Monday, March 21, 2011

How work the amplifiers?

When people talk about the amplifiers, normally components or musical equipment are speaking of. But this is only a small representation of the phantom of the audio amplifiers. The reality is that we are surrounded by amplifiers. You can find in televisions, computers, reproducers of all type, and many other devices that use a loudspeaker to produce sounds. We will see in this basic guide, what is what the Y amplifiers do they do since it. The amplifiers can be very complex devices with hundreds of small pieces, but the concept that exists behind them is quite simple. You can take an image clear of how an amplifier works examining the basic components.
                                  
The sound is a fascinating phenomenon. When something vibrates in the atmosphere, it moves the particles that there are around. These particles in the air, as well move the air particles surround that them, taking the pulse of vibration by the air. Our ears capture these fluctuations in the pressure of the air, it translates and them to electrical signals that the brain can process.
The equipment of electronic sound work basically in the same way. It represents the sound like variations of electrical currents. Of a fast form, we can say that there are three passages in this class of sound reproduction:

amplifier amplifier
  • The sound waves move a diaphragm in the microphone forwards and back, and the microphone translates east movement in an electrical signal. This electrical signal fluctuates to represent the compression and variations of the sound wave.
  • A recorder codifies the electrical signal like a species of scheme - like magnetic impulses in a tape, for example, or as furrows in a vinyl disc.
  • A reinterpreta reproducer east scheme as an electrical signal and uses the electricity to move the cone of a loudspeaker advanced back and. This recreates the fluctuations of the pressure of the air originally recorded by the microphone.
As you can see, all the main components in this system are essentially translators: They take the signal in a form they leave and it in another one. In the end, the sound signal is translated to its original format, that is to say, a physical wave of sound.
In order to register all the fluctuations in a sound wave, the diaphragm of the microphone must highly be sensitive. This means that it must be very thin and to move in very short distances. By this, the microphone produces a small electrical charge. This process is viable for the majority of the phases of the process - the current is of sufficient power to use in the recorder, for example, and it is transferred easily by cables.
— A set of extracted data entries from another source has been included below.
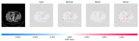 By normalizing the marginal feature values, SHAP assessed the influence of the model features. The scores exemplified the significance of each pixel on a predicted image and were used to substantiate their classification. To obtain the Shapley value, all potential combinations of characteristics of kidney abnormalities were used. Red pixels increased the likelihood of predicting a class once the Shapley values were converted into pixels, while blue pixels reduced the likelihood [58]. The Shapley values were generated by Equation (1).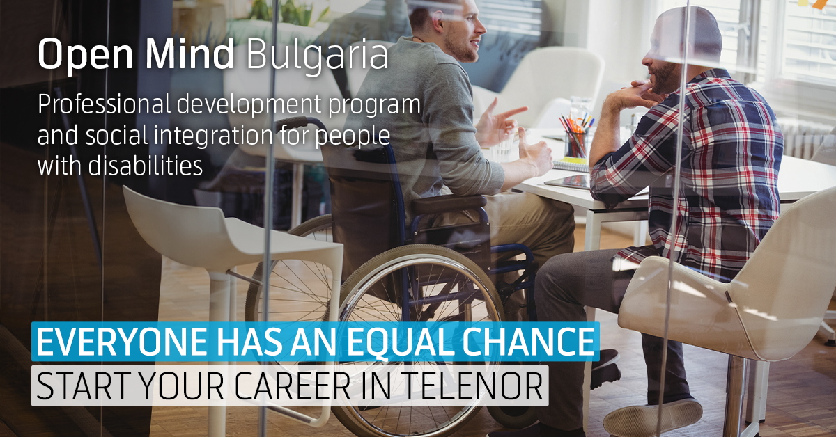 Теленор дава начало на петото издание на програмата за кариерно развитие за хора с различни възможности Open Mind. Компанията открива нови позиции в седем различни направления. Инициативата дава възможност на хора с увреждания да повишат своята професионална квалификация и конкурентоспособността си на трудовия пазар, както и да развиват и показват способностите и уменията си в реална работна среда. Вече четири години програмата реализира отлични резултати за приобщаване на хората с увреждания към пазара на труда в страната.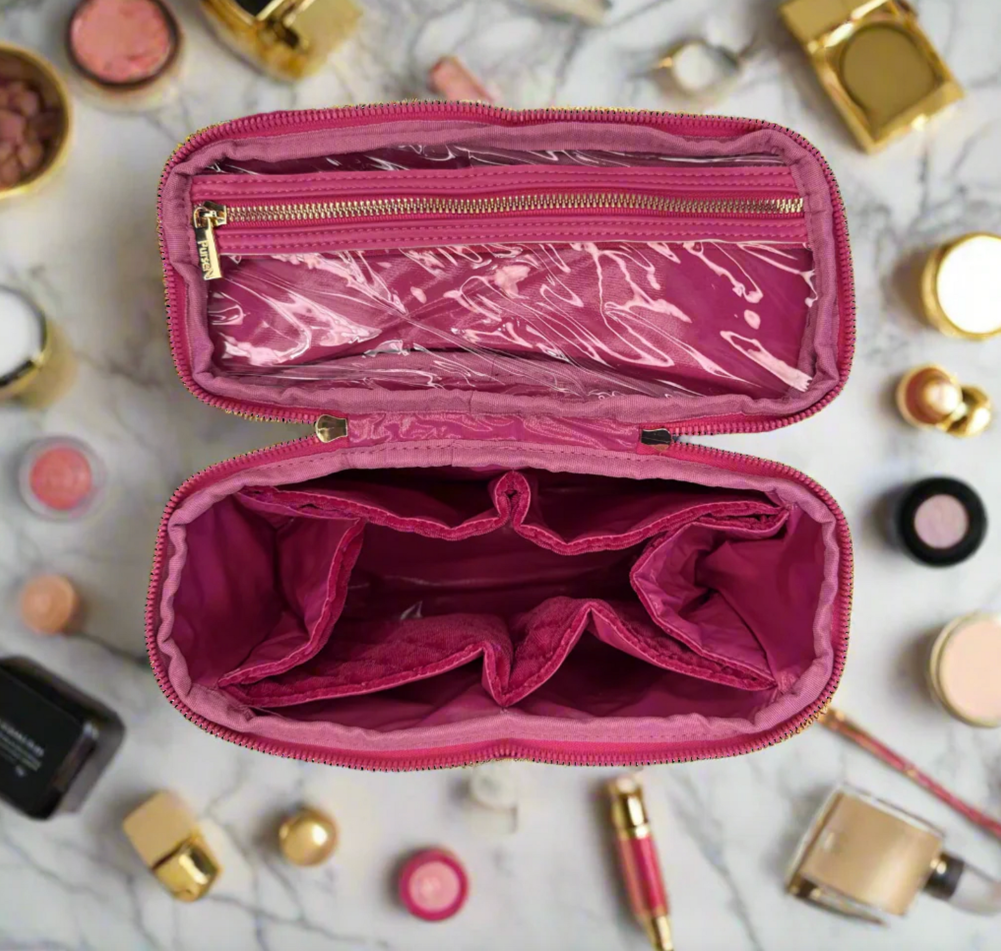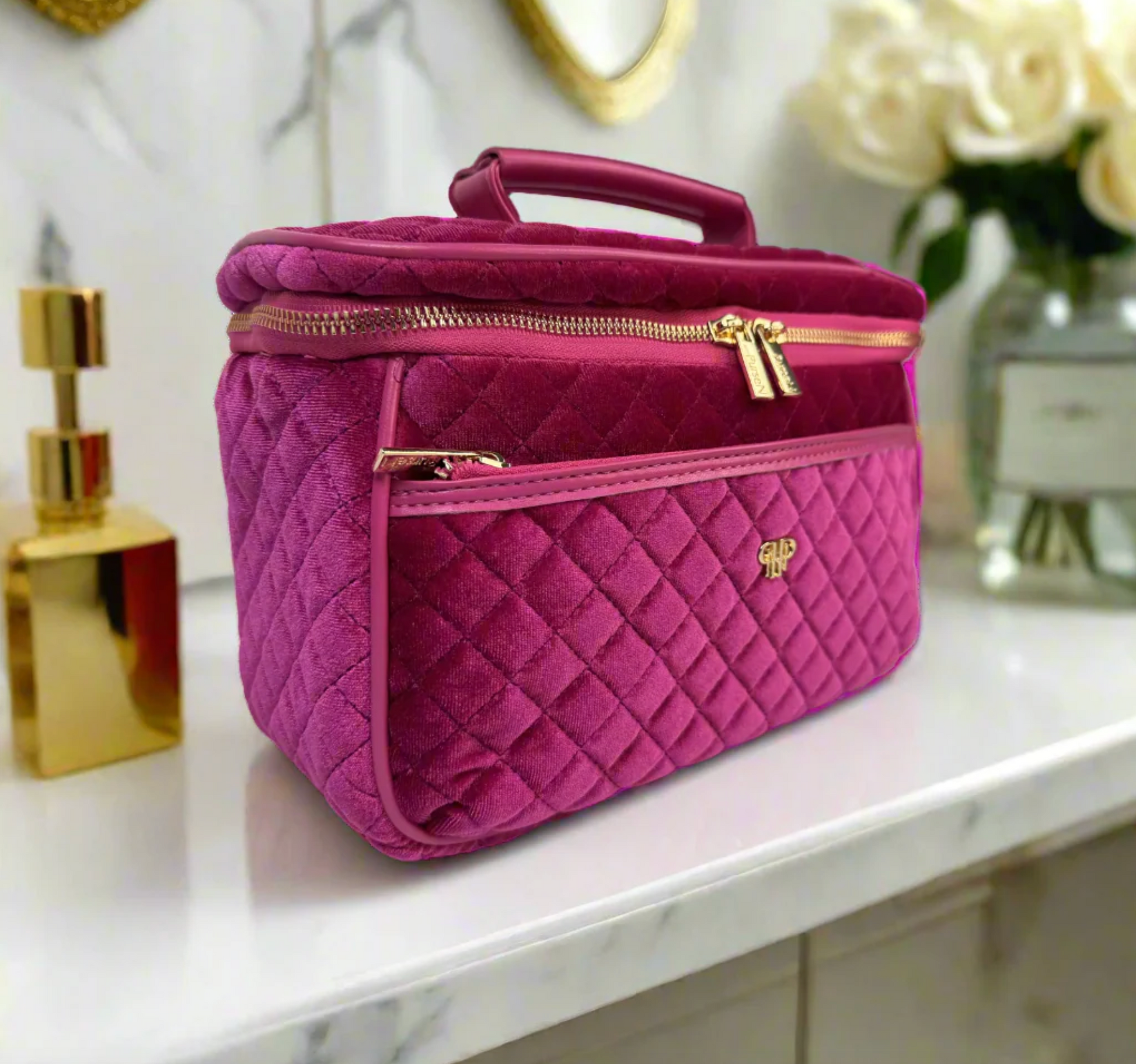 Add some chic and feminine color with our Fuchsia Velvet Train Case. This Classic Case is the perfect organizational tool for your beauty and toiletry essentials - perfect for lotions, makeup brushes, compacts, perfumes, and so much more.

But the final process - to move the cone of the loudspeaker - is more difficult. In order to do this, it is necessary to increase the signal of audio so that it has a greater current, at the same time as it maintains the same scheme of load when fluctuating.
This it is the work of the amplifier. Simply it produces one more a more powerful version of the signal of audio. We will see in the following part of the tutorial, since it makes east process. In order to continue with the guide, it punctures here.